Two months after the liberation, divisions between people remain pronounced. People who had stolen from Prague’s Jewish community, or had otherwise benefited from the deportation of Jews, start to act out: “the innocent became a living reproach and a potential threat to the guilty” (52). Prague and Czechoslovakia remain a city and country divided as the Jews seek acceptance.

After the war, housing is scarce, which becomes a major issue. Heda states that there are “a number of empty apartments in Prague, abandoned by the Germans, beautifully decorated with furniture that had once belonged to Jews” (53). Most often, however, available apartments go to those who profited during the war. Butchers and grocers receive upgraded apartments before the homeless receive housing.
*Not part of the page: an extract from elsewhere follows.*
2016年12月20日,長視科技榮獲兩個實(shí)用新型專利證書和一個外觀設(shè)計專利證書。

Heda receives an apartment after she demands housing from the chairman of the housing authority. She threatens to sleep in the office if an apartment cannot be found for her. She begins to unpack personal items like her nightgown, some bread, and her soap. After she eats her bread, she begins to undress, causing the chairman to blush and exit the room. Her plan works, and when the chairman re-enters the room, he tells Heda she has an apartment.

Heda and Rudolf, now married, move into the sunny apartment, which the couple fills with books. She and Rudolf read Marxist political material that promotes the working class and speaks to the dangers of corruption of power. These materials argue that capitalism “breeds racism,” and that “in a socialist society, all people are equal” (55). Soon, their home is full of political debate.
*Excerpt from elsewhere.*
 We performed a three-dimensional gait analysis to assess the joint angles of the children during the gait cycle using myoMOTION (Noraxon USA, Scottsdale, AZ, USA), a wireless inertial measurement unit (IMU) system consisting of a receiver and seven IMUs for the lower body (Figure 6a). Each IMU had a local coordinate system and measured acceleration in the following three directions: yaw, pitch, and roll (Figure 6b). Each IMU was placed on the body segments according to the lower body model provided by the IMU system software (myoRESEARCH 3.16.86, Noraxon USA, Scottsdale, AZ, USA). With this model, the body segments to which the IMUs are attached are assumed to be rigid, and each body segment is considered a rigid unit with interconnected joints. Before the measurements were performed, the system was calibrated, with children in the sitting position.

Heda is concerned about the shifting political climate in Prague. Looking back, she writes that human behavior was at its worst after the war and that people turned to communism in despair. Heda has faith in Rudolf, believing he is “utterly unselfish” and that his time in the concentration camps “affected him more deeply” (58) than anyone else she knows. Heda and Rudolf become more aligned with communist ideology. Rudolf brings home applications for the Communist Party, and Heda asserts that their “conditioning for the revolution had begun in the concentration camps” (59). She argues that living under fascists for so many years ensures that they have “contracted a trace of that dry rot unwittingly and unwillingly” (60).
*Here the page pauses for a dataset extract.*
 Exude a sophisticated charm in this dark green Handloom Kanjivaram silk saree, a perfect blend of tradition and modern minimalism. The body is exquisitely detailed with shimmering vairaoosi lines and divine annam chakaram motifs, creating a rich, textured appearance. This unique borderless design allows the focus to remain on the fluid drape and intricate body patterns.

Heda is surrounded by political conversations about the economy that she does not fully understand. She does believe, however, that her husband, and those like him, have good intentions: “Sometimes evil intentions produce good results and good intentions produce the exact opposite—everything depends on the context” (62). Heda remembers learning about world tragedies in school, years before her own experience. At the time, incidents of torture and the “persecution of innocent[s]” seemed possible only in the past.

Unlike Rudolf, Heda resists the ideology of communism. Because she is a woman, she is “much closer to reality and the basic things of life” (65). At the chapter’s end, she recalls the story of her grandmother’s capture. At 86 years old, she was taken to a concentration camp along with her children and grandchildren. Her neighbors did nothing to help her, simply suggesting to her that she not be afraid.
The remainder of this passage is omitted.